◆ **Task statement**
Could you restate the data word for word and drop the pictures?

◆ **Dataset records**
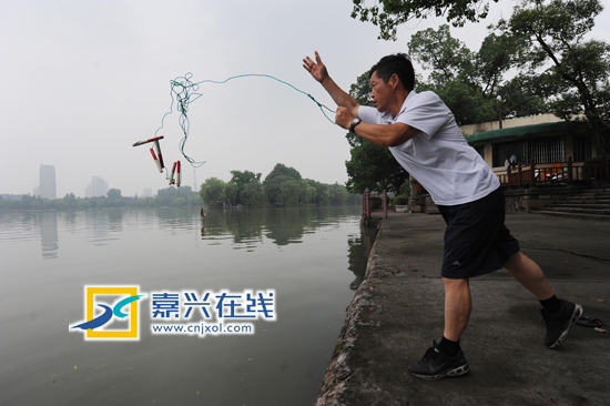 嘉兴在线7月21日讯 今天下午,南湖东岸边资深游泳爱好者杭嘉生正在试用他的新发明——便携救生绳,刚刚获得国家知识产权局颁发实用新型专利的这个便携式救生装置,一改普通救生圈携带不便、抛扔距离近的缺点,是杭嘉生多年开展公益水上救援工作的创新之作。杭嘉生对记者说,如果有机构和市民需要,他愿意无偿提供设计专利。
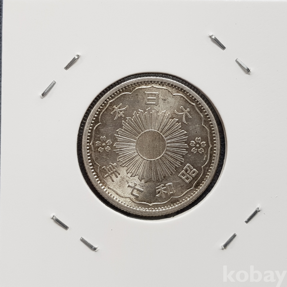진품 일본 은화 - 소화(쇼와) 7년(1932년) 오십전 욱일 은화
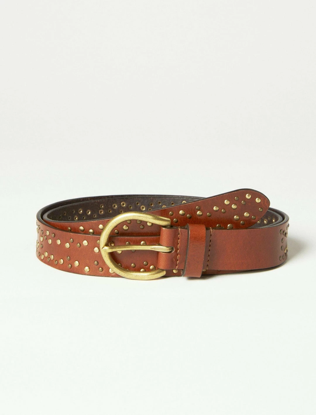 Embellished with round golden studs, this skinny brown leather belt adds the perfect finishing touch to all your casual looks. Use yours to cinch the waist of a flowy dress or loop through your favorite pair of Lucky jeans.100% leather. Width – 29mm
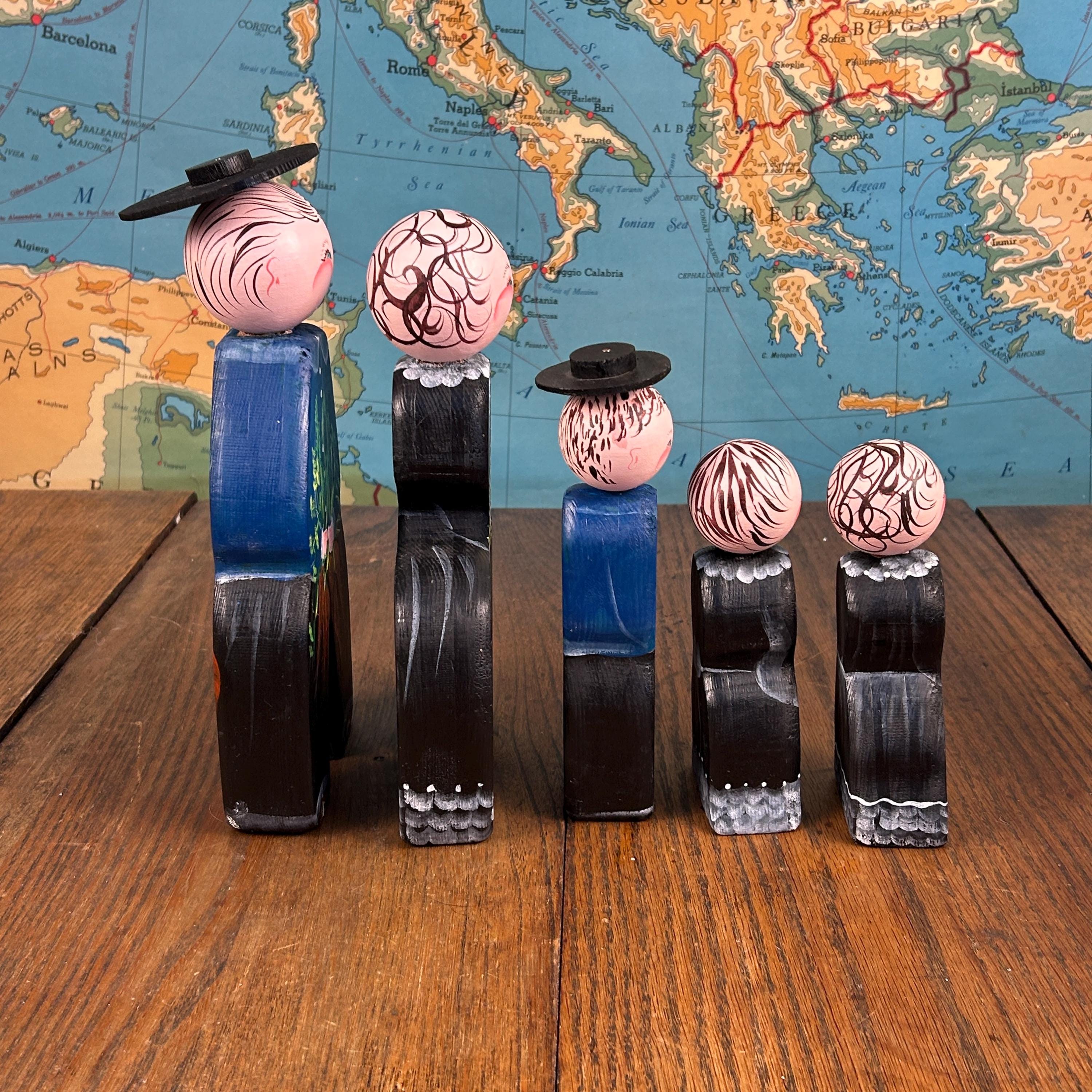 • Set of 5 vintage wooden peg dolls
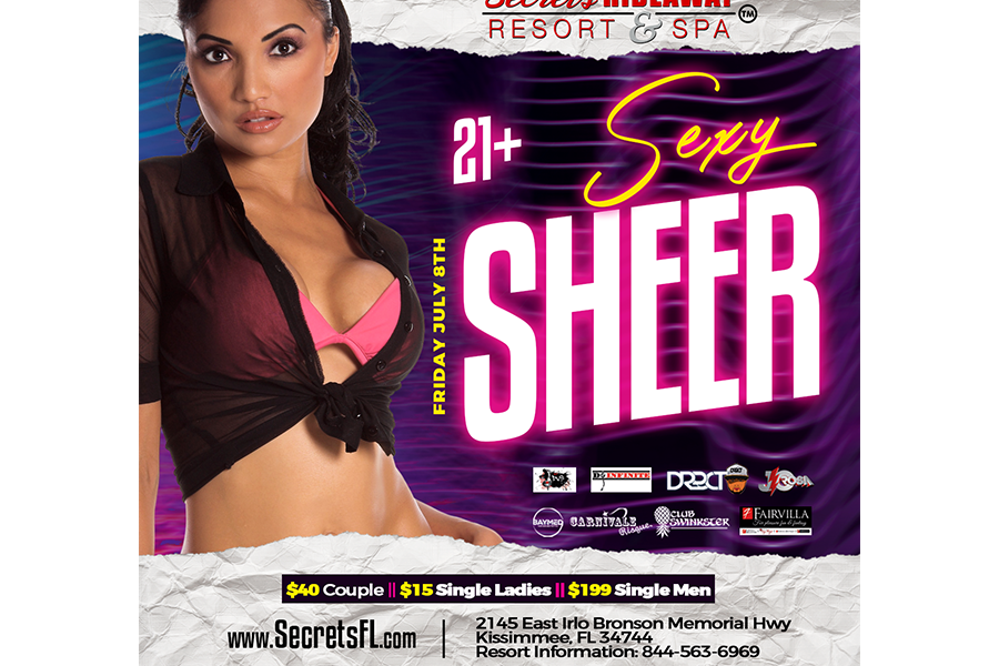 There is nothing sexier than almost bare, and tonight we want to see how close to nude you can be. Drape your body in sheer sexiness and tease all your friends tonight at Secrets Hideaway Resort and Spa. With an enormous dance floor, two bars, 5 stripper poles and plenty of plush seating, you’ll find new and adventurous ways to push the boundaries and see just how sexy sheer can really be!

◆ **Task result**
 嘉兴在线7月21日讯 今天下午,南湖东岸边资深游泳爱好者杭嘉生正在试用他的新发明——便携救生绳,刚刚获得国家知识产权局颁发实用新型专利的这个便携式救生装置,一改普通救生圈携带不便、抛扔距离近的缺点,是杭嘉生多年开展公益水上救援工作的创新之作。杭嘉生对记者说,如果有机构和市民需要,他愿意无偿提供设计专利。
진품 일본 은화 - 소화(쇼와) 7년(1932년) 오십전 욱일 은화
 Embellished with round golden studs, this skinny brown leather belt adds the perfect finishing touch to all your casual looks. Use yours to cinch the waist of a flowy dress or loop through your favorite pair of Lucky jeans.100% leather. Width – 29mm
 • Set of 5 vintage wooden peg dolls
 There is nothing sexier than almost bare, and tonight we want to see how close to nude you can be. Drape your body in sheer sexiness and tease all your friends tonight at Secrets Hideaway Resort and Spa. With an enormous dance floor, two bars, 5 stripper poles and plenty of plush seating, you’ll find new and adventurous ways to push the boundaries and see just how sexy sheer can really be!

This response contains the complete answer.